No olive left behind
    Yesterday, our ten pickers produced six full crates of olives from about ten trees, 10% of what we need to accomplish this week. Today, after a good dinner and solid night's sleep, we expect to fill many more of those green, red and yellow plastic boxes. We still have  the old wooden olive crates used in the old days, but have turned them into kitchen cabinets -- they are so heavy empty it's hard to imagine moving them full of olives.
La Signora picks the leave from her family's olive harvest
     Since food is an integral part of any Italian experience, especially a culinary trip, we offered a "workers'" lunch of fresh minestrone with parmesan and olive oil, salumeria from Norcia (prosciutto, salami), Stilton cheese brought by a friend from England, mozzarella, and a variety of fresh baked breads. There was the endless flow of Omero's garage wine, of course, and a polenta torta, citrus crostata and mandarini for dessert. After a cup of coffee we hit the trees again to work off lunch; we have to begin thinking of dinner.
      Standing amid the olives at La Casetta Rosa, we could hear our neighbors picking their trees further down in the valley. The rythmic cadence of Umbrian-style Italian conversation drifted up our way on the breeze -- they must have listened to us speaking English with accents tinged with Italian, Dutch, American Southern, English, and Namibian origins. We were all doing the same thing: picking olives while talking about our lives, our children and grandchildren, our gardens. In our group there was also talk of test driving Ferraris, future trips, and the anticipation of eating tonight at Le Noci, our favorite restaurant in Grutti.
     At Le Noci, Il Magnifico wrote down the orders ad La Principessa recited the menu. This is not required of all diners, of course, but since we have the fare memorized, we can cut out minutes from the process by presenting the server with a fait accompli -- in Italian. This ensures appreciation from Danielle and the ladies in the kitchen, who send out food out in some kind of reasonable order.
     Old favorites on the table last night included were fazzoletti (triangular ravioli stuffed with ricotta and topped with panna (cream) and fresh shaven truffles, strongozzi with truffles, gnocchi stuffed with porcini, tagliata (sliced grilled beef steak) topped with fresh arugula and balsamic vinegar, stewed cinghiale (wild boar), capriolo (venison), and veal prime rib. All this was followed by tiramisu, bavarese, creme Portuguese, and fresh baked cookies with Sagrantino Passito.
     It's 6:30 a.m. on Monday now and still dark outside. There is some stirring upstairs, so the pickers must be awake. After a quick cup of coffee, we will be back out in the piantoni (big plants -- local name for olive trees). Their picking sessions will be bookended with a coffee break in the field, a farmer's lunch in the kitchen, and tonight's dinner at Frontini, an agriturismo which, by law, serves a menu made up almost entirely of their own or nearby production.
     Olivistas Arise! Day Two has begun.
Copyright 2010 Sharri Whiting

Wednesday, April 28, 2010

Stalking the Wild Asparagus, not just reading about it

The late Euell Gibbons, probably the original locavore writer, wrote a book in 1962 called Stalking the Wild Asparagus. It was a folksy, humorous take on the recognition, gathering, preparation and use of the natural health foods that grow wild in almost every area. I found the title hilarious and it has stayed with me all my life.

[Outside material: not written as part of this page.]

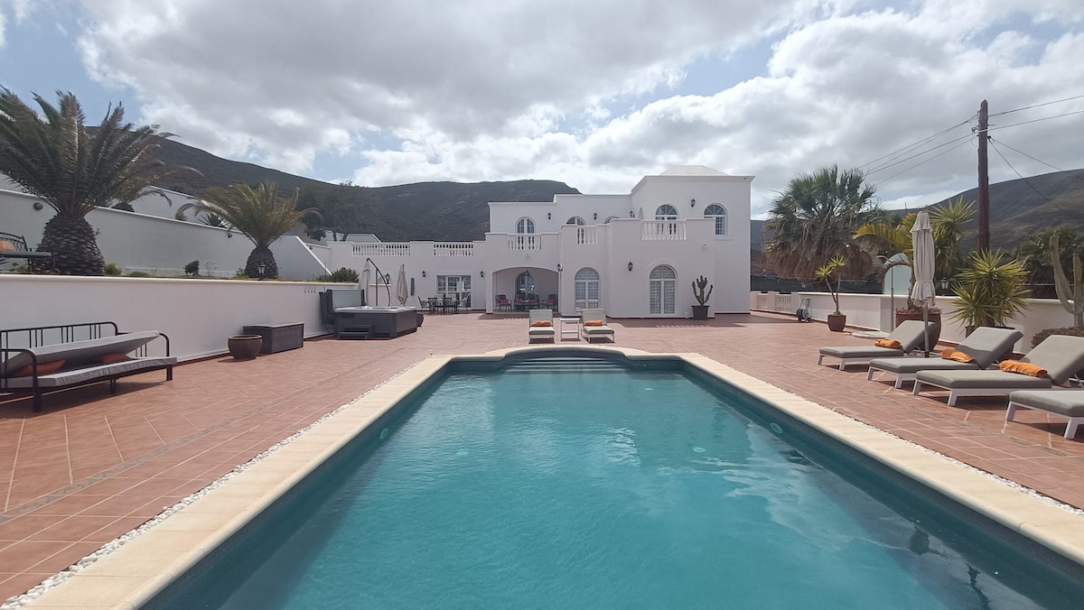 - 最近建てられた豪華でモダンなヴィラで、全5室のベッドルームには専用バスルームがあります。 2000平方メートルの敷地内に建てられており、玄関のすぐそばに駐車場と電気自動車の充電ポイントがあります。 -海、フエルテベントゥラ島、ロス・アハチェス火山の素晴らしいパノラマビュー。 -広いテラスと庭、温水プール(12.5m x 3m)、ジャグジー、ジム、バーベキュー、ファイヤー、ビリヤードテーブル、卓球台。 光ファイバーWi-Fi、ほとんどの言語のチャンネルを含むスマートテレビ2台!

Fast forward a lot of years to Spring 2010. We are living in Umbria. We know there are asparagi growing out there in the woods because here and there we think we can see the ferny/thorny looking plants which produce the thin succulent shoots we want to harvest. The hardware stores are full of long forceps-like tools, which both snip and hold the tender spears until they make it into your bag.

I'm not sure what to do or where to look, but I am determined that this will be the spring when I stalk the wild asparagus. Fidelma, my Irish friend, calls to invite me over for an asparagus hunt -- she has been given a gathering lesson by her giardiniere. We put on boots (in case the snakes are waking up from their winter hibernation) and gloves (to protect us from thorns), sling grocery bags over our shoulders, take up our "sticks" and we're off to her 5-acre backyard.

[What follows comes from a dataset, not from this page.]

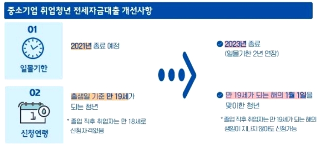 아울러 오는 12월 종료될 예정이었던 중소기업 취업 청년 전세자금 대출의 운영기한이 2023년 12월까지 2년 연장된다.

A veteran asparagus picker (this is her second time), Fidelma spots the almost invisible shoots immediately. I stand there squinting into the dappled shade of the underbrush,  trying to decide if this is a pursuit that requires sunglasses or not. I don't see a single thing that looks like an asparagus spear.

Fidelma looks over my shoulder and cries,"There's one! Get it!" I take off my sunglasses and get down on all fours, bottom in the air, and peer toward the ground. Finally, I see a very slender, dark green-purple stalk. I have found my first asparagus. I have become a hunter/gatherer.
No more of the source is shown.